オープン当初からお付き合いがはじまり、いつの間にか10年という歳月が経ったのですね。こんな素敵なお店と、そしてシェフとスタッフさんたちと月日を重ねることができ、私たちは幸せ者です。ありがとう。
彼女はオープン1周年を待たずにキャンペーンに参加してくれた強者です。女性で一人で作っていて百貨店催事も時には参加するというヴァイタリティ、採用に困ったことがないことや、お客様とのコミュニケーションが密で、お菓子の情報をはじめ、お店の企画が正確・詳細に伝わることなど、「UTAKO」さんならではの特長を順次ご紹介して行きましょう。(※以下書き手クボタ)

◆長い長い助走期間。お菓子作りへの渇望が結晶化した、膨大な時の流れ
シェフ中塚雅子(うたこ/1968年生)さんが修業を開始した頃は、まだパティシエブームが始まる前。いや、世間一般にパティシエ、という呼び方もなかった時だ。
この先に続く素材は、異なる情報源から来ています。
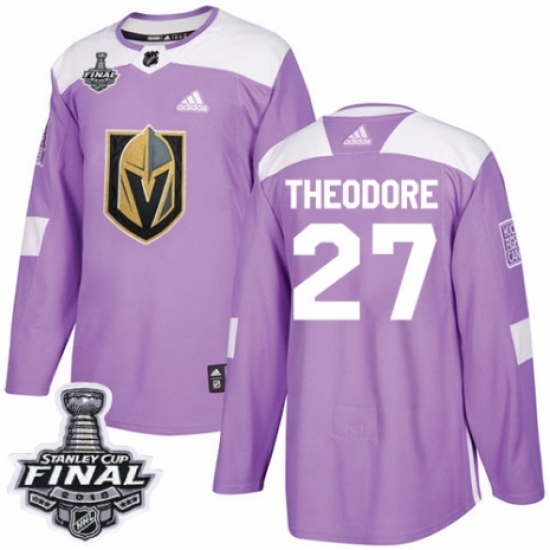 Men's Adidas Vegas Golden Knights #27 Shea Theodore Authentic Purple Fights Cancer Practice 2018 Stanley Cup Final NHL Jersey

当然、女性にはまだまだ仕事が与えられないような時代だった。誰もが憧れる有名店で女人禁制のようになっていたところもある。今からみれば、考えられないような差別が激しく残っていた。巷には女性がオーナーシェフを勤めるお店はいくらもあったが、いずれもケーキ作りの好きな専業主婦の一念発起組。修業を経て開店していたのは関西ではドイツ菓子の「グリュックスシュヴァイン」くらいではなかろうか。それでも国内修業はかなわず、本場で修業した人だった。
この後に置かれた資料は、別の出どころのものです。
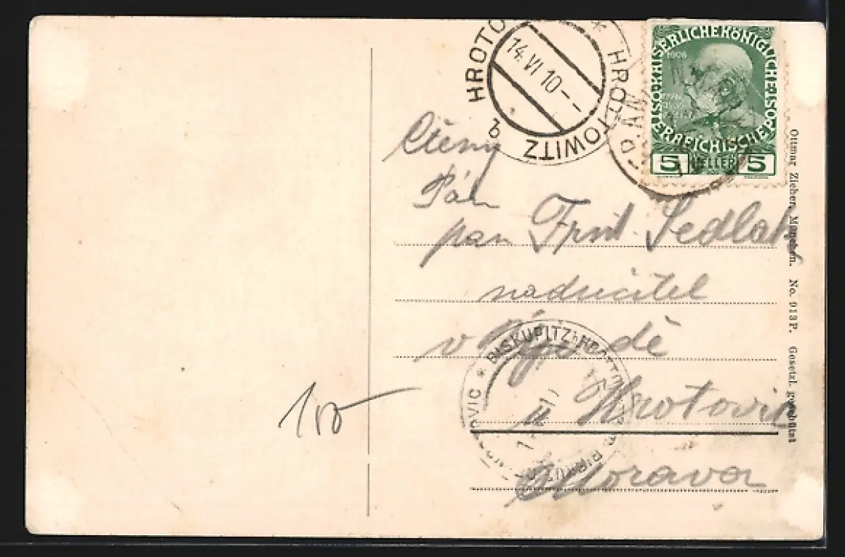 alte Ansichtskarte, gelaufen 1910, Eckknick li. oben, guter Zustand

辻製菓のフランス校を卒業し、現地での研修も受けたというのに、男子寮はあっても女子寮はないというように、日本のパティスリーは女性の受け入れ準備がまったくできていなかった。渡仏前にアルバイトで貯めていたお金はフランスでお菓子や料理を体験することにすべて使ってしまっていたので、自力で東京に下宿して修業するだけの資金力もなかった。
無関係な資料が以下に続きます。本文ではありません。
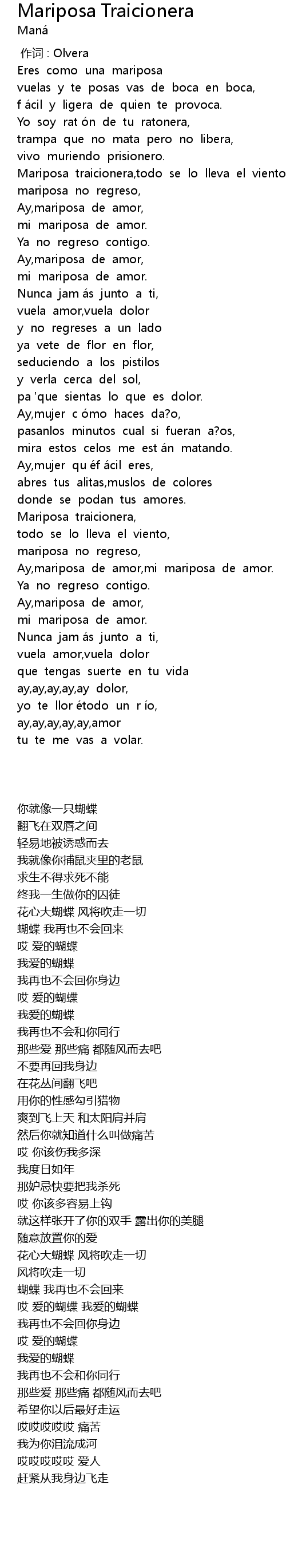 | [03:12.170] | Ay,mariposa de amor,mi mariposa de amor. |

ようやく見つけたのが、牛乳メーカーが副業でやっていた製造卸の会社。シェフが「ヨックモック」出身で雅子さんが大好きな「イルプルーシュルラセーヌ」の流れを汲む人だったからだ。いいところが見つかったと喜んだのも束の間、面接では「女子は初めてだが大丈夫か」と訊かれるし、入社してみると差別の壁が大きく立ちふさがっていた。何かの小さな作業を手伝おうとすると、「まだ早い」と言われ、けっきょく最初の1年間は洗い物ばかり。横目で作業を睨みながら、「あれくらいできるのにな」と思う悶々とした日々が続いた。
1年過ぎた頃、たまりかねて出勤前に自宅で焼いたお菓子を持参して、シェフに感想を訊くという直訴を試みるようになった。最初は無下にされていた反応が、少しずつ「こうしたら」などとアドヴァイスが貰えるようになり、先輩たちが一人二人と辞めていって、いつの間にか順位的にもトップになり仕事ができるようになった。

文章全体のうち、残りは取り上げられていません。